7/10
THE AWFUL DR. ORLOF (Jesus Franco, 1962) ***
7 May 2011
I first-watched this on Boxing Day 2004 in the wake of my DVD viewing of Georges Franju's EYES WITHOUT A FACE (1960), which clearly inspired it; being in Spanish with no subtitles, I recall admiring the film's undeniable pictorial qualities but only ended up rating it **1/2 (incidentally, I know I jotted down notes back then but never opened these up into a proper review and, regrettably, I seem to have misplaced them in the interim!). Going through it a second time, in English now (its Spanish origins – again, this was allotted the French "Eurocine" stamp – are given away by the songs being performed in that language), the film proves every bit the solid effort the director's hardened fan-base has always claimed it to be! For the record, I am not sure off-hand how long the original was, or how it may have differed from this current copy, but the latter runs for 83 minutes. Anyway, Franco's fourth feature (but only the Spaniard's first genre outing) is naturally a seminal work within his vast canon but also the "Euro-Horror" movement since the title character (subsequently spelled with an added 'f'!) would become something of an icon and appear in myriad other (though usually unrelated) 'vehicles'!
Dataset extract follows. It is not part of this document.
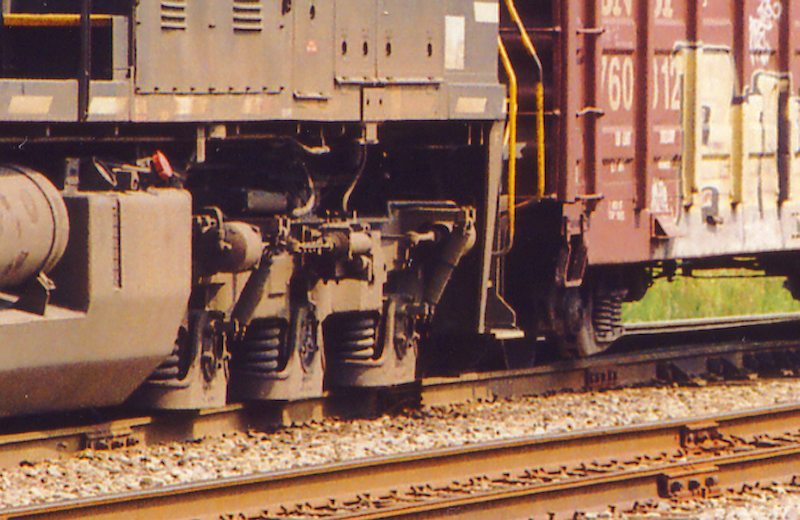 The front truck of 9237 and the first truck of the boxcar. (3 of 3)
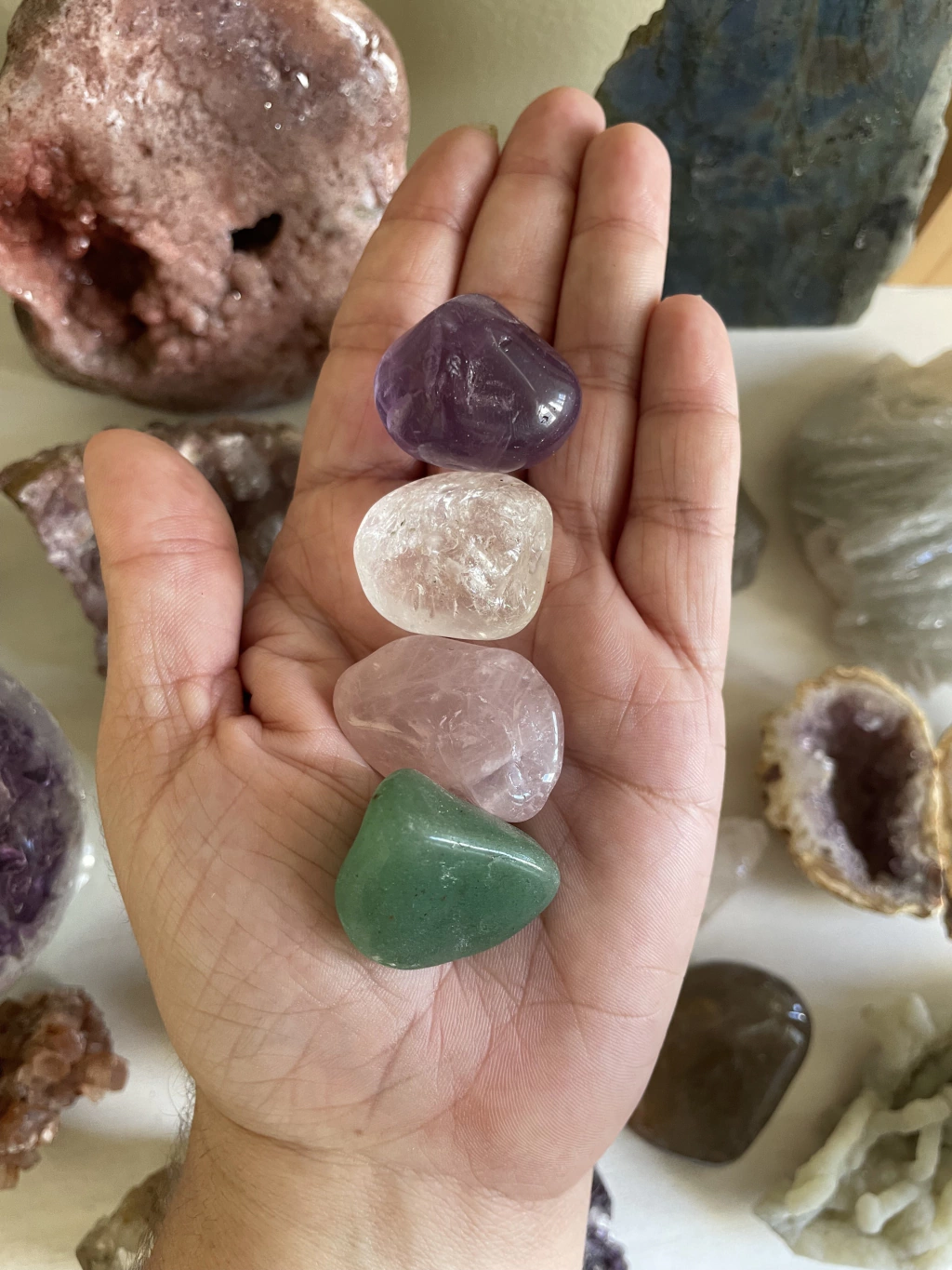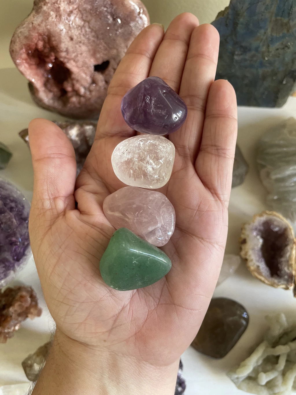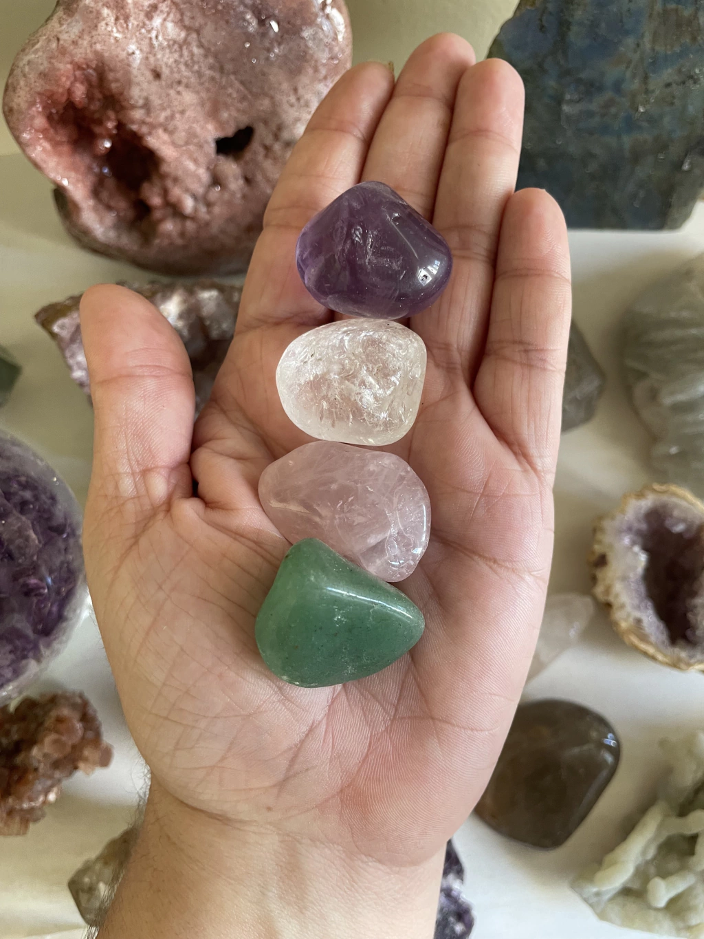 São 4 cristais rolados, com: Ametista, Quartzo natural, rosa e verde.

As I said, THE AWFUL DR. ORLOF – by the way, I much prefer the original title, which translates to SCREAMS IN THE NIGHT – looks great (especially given the period setting) but obviously also benefits from lead Howard Vernon (previously relegated to eccentric character parts)'s star-making turn and the presence of his unforgettably bug-eyed assistant Morpho (again, for whatever reason, Franco's filmography is littered with mute and vaguely sinister manservants, sometimes played by the director himself!); incidentally, it was an inspired touch to have Morpho introduced emerging from a closet and, needless to say, his nightly rampages for fresh victims constitute some of the film's definite highlights. The "DVD Savant" review rightly remarks of the incongruity of Morpho's condition to diligently carry out his tasks (for one thing, he has to be guided by Orlof's tapping of his cane!), but is not that part of what makes these films endearing to begin with?!; similarly, Morpho regularly attacks his victims by biting their necks ("Savant" suggests this is an externalization of the audience's own desires, with the obvious detachment represented by the assailant's own disability!) which, blind as he is, he might damage their visage...then where would he (and, more importantly, Orlof) be?!
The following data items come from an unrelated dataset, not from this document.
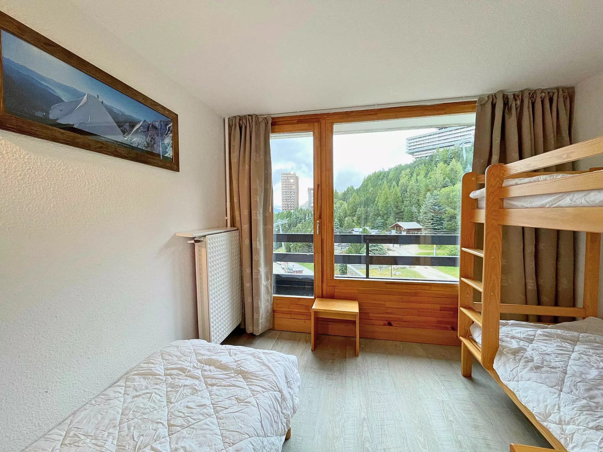 Chambre : lit simple superposé (2x80 cm), lit simple (1x80 cm), petit balcon exposé Nord
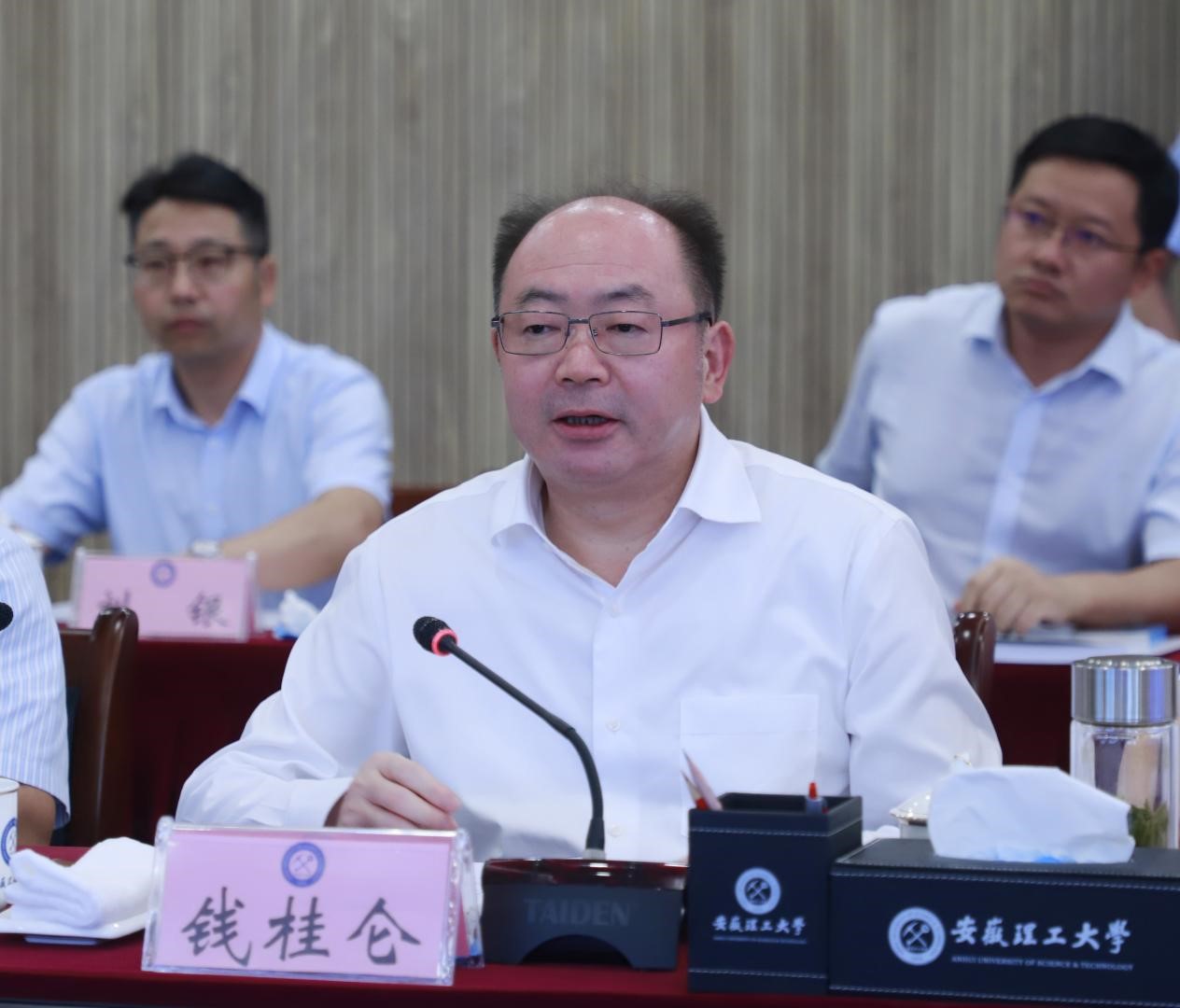 袁亮介绍学校发展情况。他指出,学校坚持“双一流”创建目标不动摇,一流学科建设取得新突破;组建大团队、开展大科研、承担大项目、推进大转化,推深做实“四个融入”发展战略,践行“三有、三进、三到”办学理念,支撑学校高质量发展。坚持面向世界科技前沿、面向经济主战场、面向国家重大需求、面向人民生命健康,学校与四大矿业集团合作发展,推进产学研深度融合,推动创新链、产业链、教育链、人才链共进互促,为高水平科技自立自强作出积极贡献。科技创新成效显著,支撑建成一批现代化高瓦斯矿井,解放了淮南矿区深部优质煤炭资源,推动了行业矿业安全技术整体进步,推进煤炭安全生产形势持续好转,为国家能源安全、主体能源高质量发展作出了重大贡献。学校将进一步深化校地校企合作,创新产教融合模式,重点在煤炭智能安全绿色开采、煤炭清洁高效利用、矿山智能制造、职业安全健康、矿山环境保护及生态修复等领域开展技术研究与攻关,聚焦能源安全高质量发展,围绕煤炭行业共性技术难题,通过资源共享、优势互补,强化协同创新,抢占行业领域科技创新制高点,谱写煤炭领域绿色低碳转型和高质量发展新篇章!
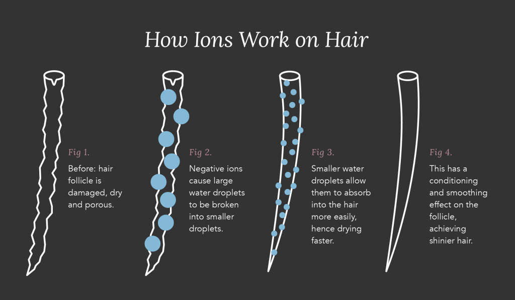 Со помош на негативните јони се отстранува позитивниот електричен полнеж од косата. Јонската четка за коса го отстранува статичкиот електрицитет од вашата коса само со нежно четкање. Во исто време, негативните јони продираат во секое влакно, целосно го опкружуваат и ги затвораат фоликулите на косата. Ова ја задржува влагата во косата и ја подобрува флексибилноста на косата. Затоа, косата е повитална, посјајна и поздрава. Можете дури и да ја исправите косата со подолго чешлање.

Two other recurring devices (which I also denoted in reviews of recently-viewed titles by this notorious exploitationer) are the chanteuse and the cop (a Police Procedural sequence here, unfolding two very diverse identikits of the presumed assailant, would virtually be replicated wholesale in Franco's much-later JACK THE RIPPER {1976}…who even gets stuck with the Orloff moniker!). In this case, however, they are adopted by the figures of the heroine (played by the stunning Diana Lorys, with whom Orloff becomes obsessed because apparently she looks like his daughter: the actress was later the protagonist of NIGHTMARES COME AT NIGHT {1970}, dealing with another much-reworked Franco premise i.e. the hypnotized assassin) and hero (called Tanner, who also recurs a lot in Franco's oeuvre…though, typically, he is depicted as lacking the insight to be anything like the villain's equal, when he decides to shun a letter – even if it keeps turning up – until it is nearly too late!).

The plot, then, is among the first to rehash the afore-mentioned Franju masterpiece: practically contemporaneously there were MILL OF THE STONE WOMEN from Italy and THE WITCH'S MIRROR from Mexico – the three of them, along with Franco's own subsequent THE DIABOLICAL DOCTOR Z (1965) and the French-made THE BLOOD ROSE (1969), actually constitute the best of countless variations over the years…though none really came close to recapturing the deft (one might even say, audacious) mix of haunting poetry and in-your-face realism that marked the original. One significant shortcoming here is that the fire-victim daughter whose face Orloff intends to restore remains nothing more than a cypher throughout, being confined to a bed the whole time and deemed of only a handful of shots along the way (unlike the poignant Edith Scob, with her eerie blank mask, in EYES WITHOUT A FACE)!

In the end, Orloff commits an imprudence by eliminating another (female) aide when objecting to more killings and especially his assertion that, for the operation to be a complete success, the face-grafting has to be done when the (unwilling) donor is still breathing! Since she had been sympathetic to Morpho, he rebels and cuts short Orloff's plans – and life – when inconveniently (indeed literally) stumbling upon her body at the climax! When he takes up the abducted Lorys to the roof of Orloff's castle (his intentions unclear – is he going to toss her over the walls or will he be keeping her as a personal prize for his pains?), Morpho is promptly shot by the nick-of-time arrival of the hero – a scene which is practically recreated in the first loose sequel to the film, namely DR. ORLOFF'S MONSTER (1964; also helmed by Franco).